Atau hadits lain, Rasulullah Saw bersabda:
Janganlah kalian menjual satu dirham dengan dua dirham, sesungguhnya aku takut kalian berbuat riba[4]
Dalam hadits tersebut ada ketakutan Rasulullah terhadap kaumnya tentang riba, sehingga beliau melarang menjual satu dirham dengan dua dirham. Dimana keduanya sama-sama mata uang namun diberi harga berbeda. Jika sekarang dapat dicontohkan dengan seribu rupiah dengan dua ribu rupiah maka dilarang. Dan ternyata ketakutan Rasulullah Saw benar adanya, hal yang demikian banyak terjadi dimasa sekarang terutama di hari-hari raya.
Ada dua pendapat mengenai al-sharf atau jual-beli mata uang:
Pendapat yang pertama menyatakan bahwa jual beli ini dilarang, alasannya adalah apabila jual-beli mata uang yang sama tetapi berbeda jumlahnya contohnya: jual-beli uang Rp.100.000,- pecahan dengan Rp 100.000 selembar namun dengan kelebihan 10 ribu atau 15 ribu. Hal tersebut tentu dilarang karena dapat masuk dalam kategori riba, peristiwa ini sering terjadi disaat hari raya. Untuk menghindari hal tersebut Islam memberi solusi, hal tersebut dibolehkan yaitu dengan mengubah akadnya bukan dengan harga tapi upah. Jadi uang 10 ribu atau 15 ribu tersebut dijadikan sebagai upah atas antri di bank orang yang menjualnya tadi dan harus dilakukan dengan cara cash.
Pendapat yang kedua menyatakan bahwa jual-beli mata uang ini diperbolehkan karena adanya kepentingan, misalnya ketika kita ingin pergi keluar negeri, dimana mata uang kita dengan luar negeri berbeda maka kita perlu menukarkan mata uang kita dengan mata uang luar negeri tersebut sesuai dengan kurs mata uang yang berlaku dan dilakukan dengan cara cash. Namun hal ini tidak diperbolehkan apabila diniatkan untuk mencari keuntungan dengan berspekulasi, misalnya ketika dolar rendah kita menukar rupiah dengan dolar dan ketika dolar naik maka dijualnya. Hal tersebut mengandung spekulasi yang sangat tinggi yang sudah jelas bahwa spekulasi itu dilarang. Selain mengandung spekulasi, yang demikian dapat menyebabkan uang tidak beredar atau mengalir ke sektor riil serta membuat etos kerja menurun.

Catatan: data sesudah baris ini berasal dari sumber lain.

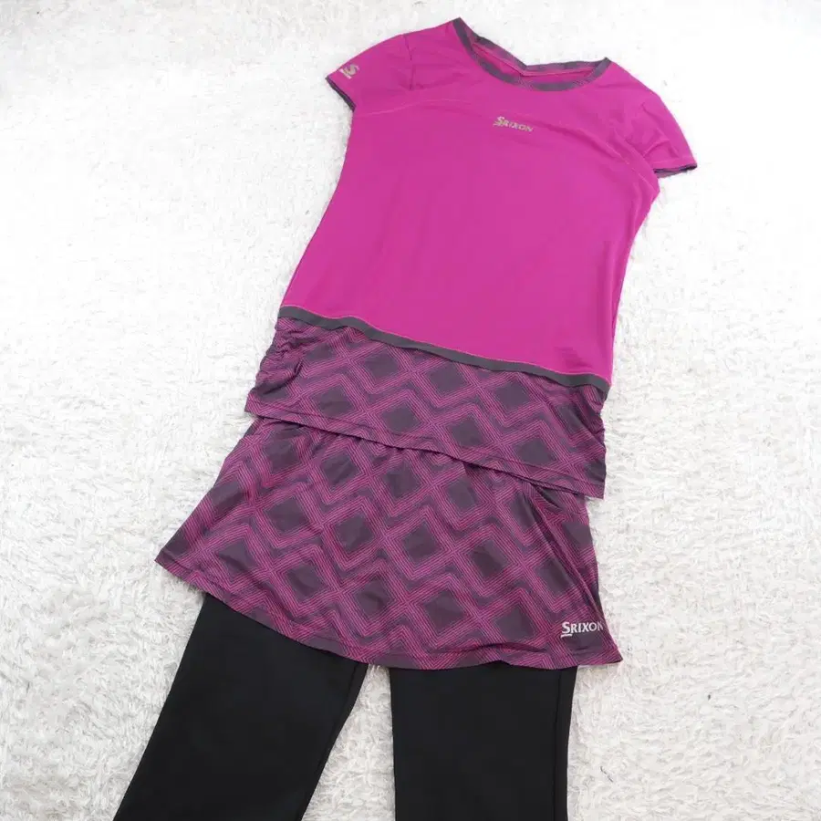 스커트 허리밴딩, 끈 조절 가능, TOPS 앞뒤 약간 늘어난 자국 있음.
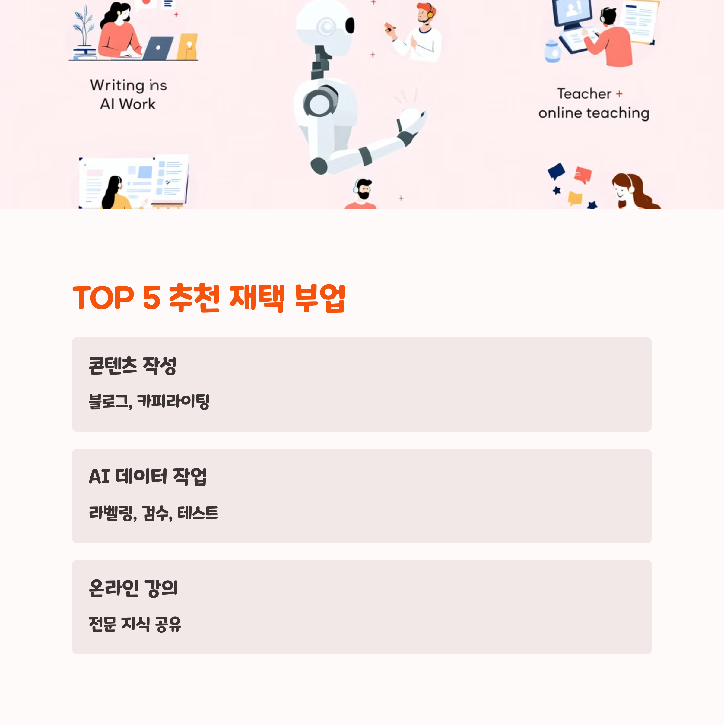 최근 가장 인기 있는 재택 알바로는 블로그 글쓰기, AI 학습 데이터 작업, 온라인 튜터링이 있습니다. 이 세 가지는 진입장벽이 낮고, 하루 1시간 안에서도 꾸준한 수익을 만들 수 있다는 공통점이 있습니다. 특히 글쓰기 부업은 꾸준히 글을 쓴다는 것 자체로 자산이 쌓이는 구조이기 때문에 블로그, 뉴스레터, 콘텐츠 마케팅 등에 활용 가능합니다. 본인이 가진 지식이나 취미를 잘 활용하면 누구나 시작할 수 있는 장점도 있죠.

Bagaimana dengan orang menjual mata uang lama dengan mata uang maru dengan nilai yang harga yang berbeda? Misalnya Rp 1 yang sekarang sudah sangat langka dihargai dengan Rp 100.000,- bahkan lebih, hal tersebut dibolehkan karena nilai Rp 1 itu bukanlah uang tapi komoditi karena sudah tidak diberlakukan sebagai uang, selain itu juga karena dihargai memiliki nilai seni atau budaya. Hal tersebut biasa dilakukan oleh para seniman pengkoleksi mata uang langka.
PAILIT (TAFLIS)[5]

Rosululloh -Shollallohu ‘alaihi wasallam telah bersabda:
من أنظر معسرا أو وضع عنه، أظله الله في ظله
“Barangsiapa memberikan waktu tangguh kepada seorang yang kesulitan atau menghapus (sebagian atau semua utang orang tersebut) maka Alloh akan menaunginya dalam naungan (‘Arsy-Nya pada hari kiamat).” (HR. Muslim: 3006)
PENJELASAN HADITS:
Hadits diatas menjelaskan mengenai pailit (taflis), yaitu keadaan dimana harta yang dimiliki seseorang lebih kecil daripada hutangnya (tidak akan bisa melusasi hutangnya). Yang menyatakan seseorang pailit adalah pengadilan.

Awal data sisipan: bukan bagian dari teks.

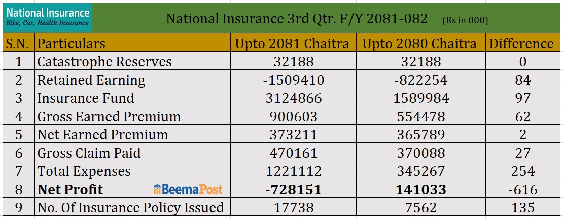 काठमाडौं । नेशनल इन्स्योरेन्स कम्पनी लिमिटेडले चालु आर्थिक वर्षको तेस्रो त्रैमासिक वित्तीय विवरण सार्वजनिक गरेको छ । कम्पनीले प्रकाशित गरेको विवरण अनुसार वित्तीय सूचांकको अवस्था दयनीय बन्न पुगेको छ ।
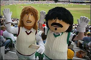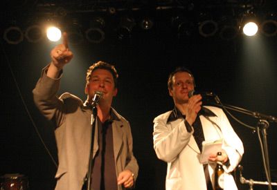 Was lange währt, wird endlich gut ... Nachdem der Vorsitzende des australischen ATK, Barry Humphries (Bild links), seit nunmehr 17 Jahren versuchte, den australischen Premierminister Les Patterson (Bild rechts) von der Nachhaltikkeit der ATK-Ziele zu überzeugen, trat dieser nun nach langem Bitten aber auch aus Überzeugung unserem Kollektiv als erstes Neumitglied des Jahres 2004 bei ... Gute Arbeit Barry ... Danke Les!
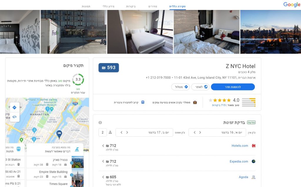איך נראה מנוע חיפוש המלונות של גוגל?
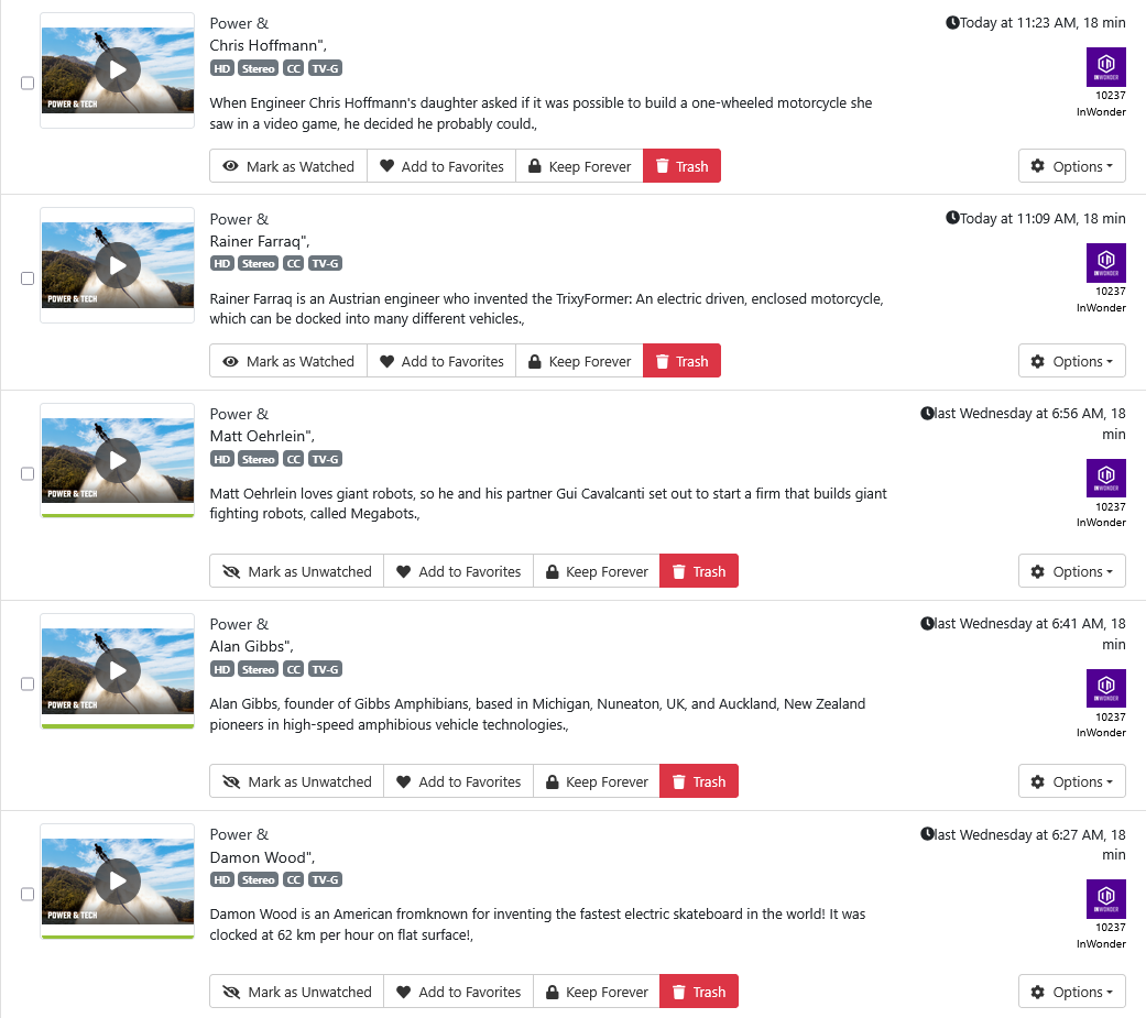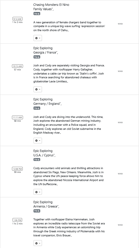 Seeing what looks like maybe part of json data in episode titles and descriptions on recordings from this channel. Not sure if it came from Samsung, or if it wasn't filtered out by the container.

Dalam hadits pertama, Rasulullah Saw memberikan solusi untuk menangani orang yang sedang pailit ialah dengan cara:
ü  Memberikan bantuan kepada orang yang sedang pailit yaitu dengan cara sedekah, sedekah disini dapat berupa motivasi (suport atau dorongan psikologis)dan juga finansial. Orang perlu dibantu disini ada 2 macam, yaitu: orang kaya yang jatuh pailit, dan orang yang pailit.

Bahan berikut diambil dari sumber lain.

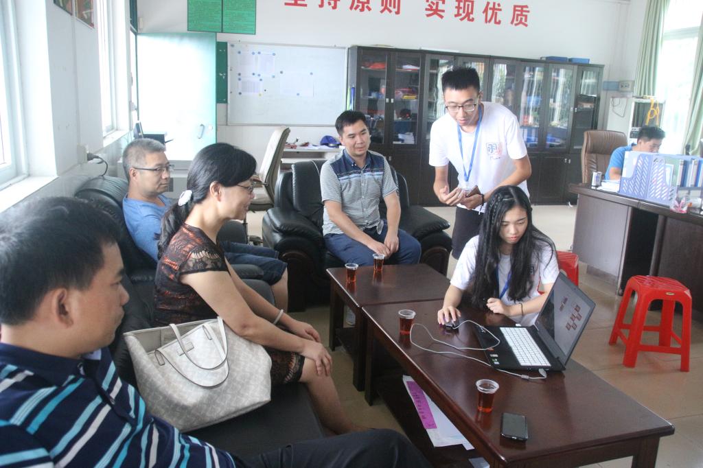 下午2点半,领导老师到达会议室后,开始询问服务队有关课程安排和进展情况,许轩博队长给予详细讲解。
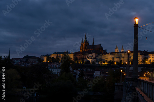 railings and sidewalk for pedestrians and street lights and in the background Prague Castle and St. Vitus Cathedral at night in the center of Prague
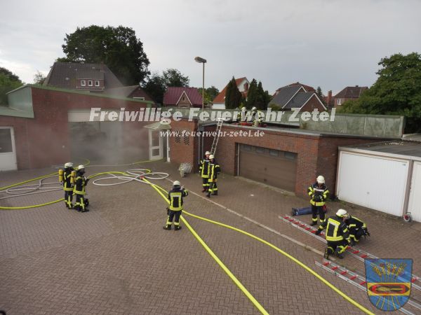 Am Donnerstagabend gegen 19:45 Uhr hatten sich schon einige Kameraden der Freiwilligen Feuerwehr Zetel zum wöchentlichen Übungsdienst eingefunden, als die Meldeempfänger ertönten und die Kräfte zu einer „unklaren Rauchentwicklung“ in die Fritz-Frerichs-Straße alarmierte.
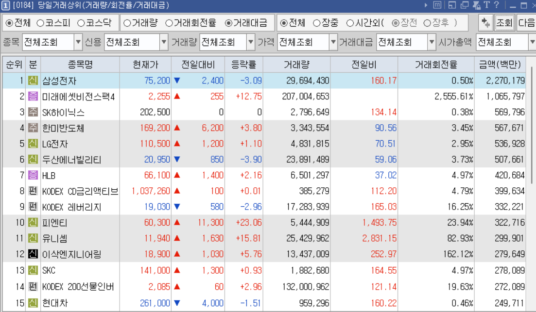 거래대금은 12조 7825억 원으로 어제보다 1조 2천억 원가량 늘어났습니다.
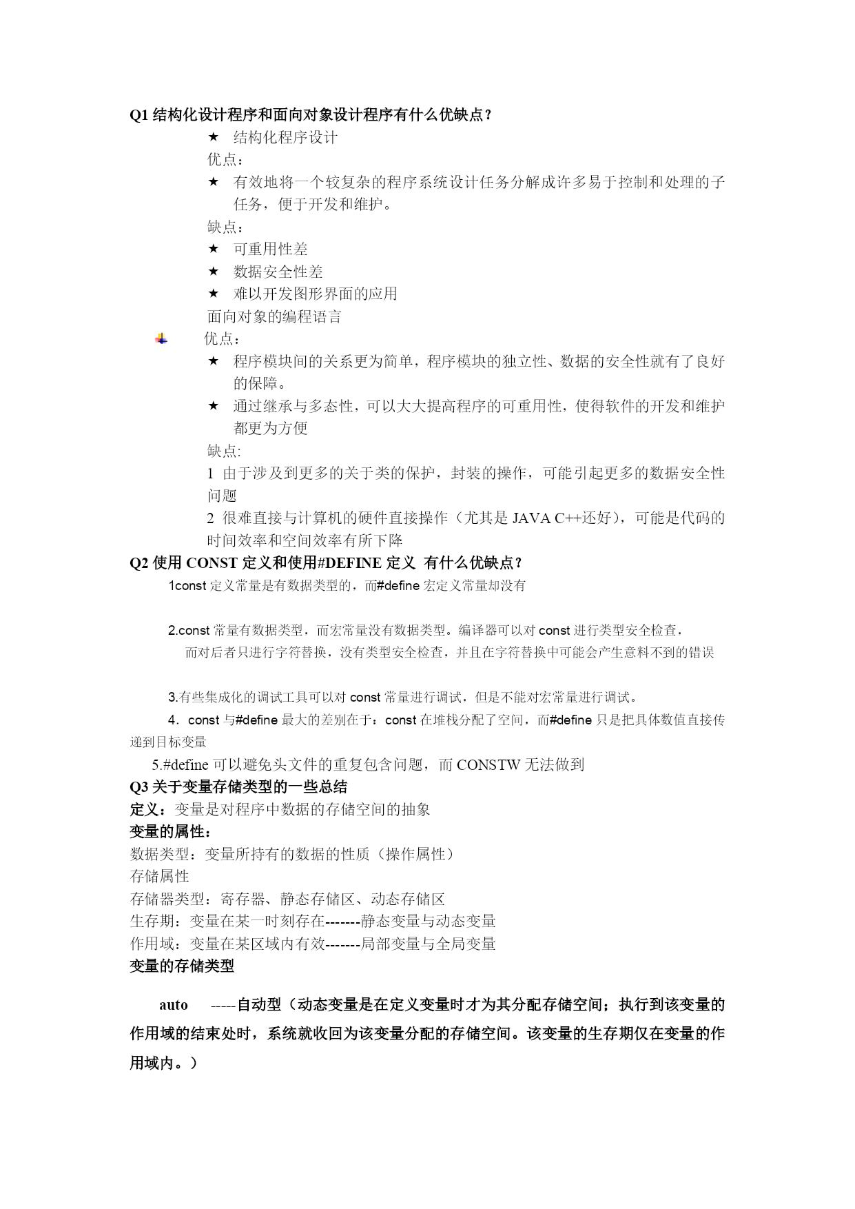 Q1结构化设计程序和面向对象设计程序有什么优缺点?结构化程序设计优点:有效地将一个较复杂的程序系统设计任务分解成许多易于控制和处理的子任务,便于开发和维护。缺点:可重用性差数据安全性差难以开发图形界面的应用面向对象的编程语言优点:程序模块间的关系更为简单,程序模块的独立性、数据的安全性就有了良好的保障。通过继承与多态性,可以大大提高程序的可重用性,使得软件的开发和维护都更为方便缺点:1由于涉及到更多的关于类的保护,封装的操作,可能引起更多的数据安全性问题2很难直接与计算机的硬件直接操作(尤其是JAVAC+

ü  Apabila ternyata sedekah dari saudara, teman, dan muslim lainnya belum dapat melunasi atau menutupi hutangnya maka si debitur dapat mengambil barang yang memang bersal dari dia dan belum berubah bentuk maupun nilainya (masih seperti semula), artinya apabila sudah dimodifikasi maka tidak boleh diambil. Dan apabila ia mengambil resikonya tidak boleh ada hitung-hitungan lagi walaupun belum impas, karena orang yang pailit tentunya dia sangat terguncang dan terpuruk, apabila hal demikian dilakukan maka (masih ada hitung-hitungan) dikhawatirkan dia akan semakin terpuruk. Akan lebih baik jika kita mengikhlaskan dan meringankan beban orang yang terkena  pailit tersebut.
ü  Apabila sudah dibantu dengan sedekah kemudian barang-barang sudah tidak ada yang seperti semula maka cara terakhir adalah dengan lelang. Orang melakukan lelang tersebut adalah pengampu (orang yang bertanggung jawab atas orang yang pailit, karena oerang sedang pailit harus berada dibawah pengampuan dan pada hakikatnya orang yang terkena pailit jiwanya sedikit tergoncang atau sedang terpuruk). Pengampu ini bisa wali ataupun keluarganya. Dan debitur tidak boleh melelang karena barang tersebut bukan lagi miliknya.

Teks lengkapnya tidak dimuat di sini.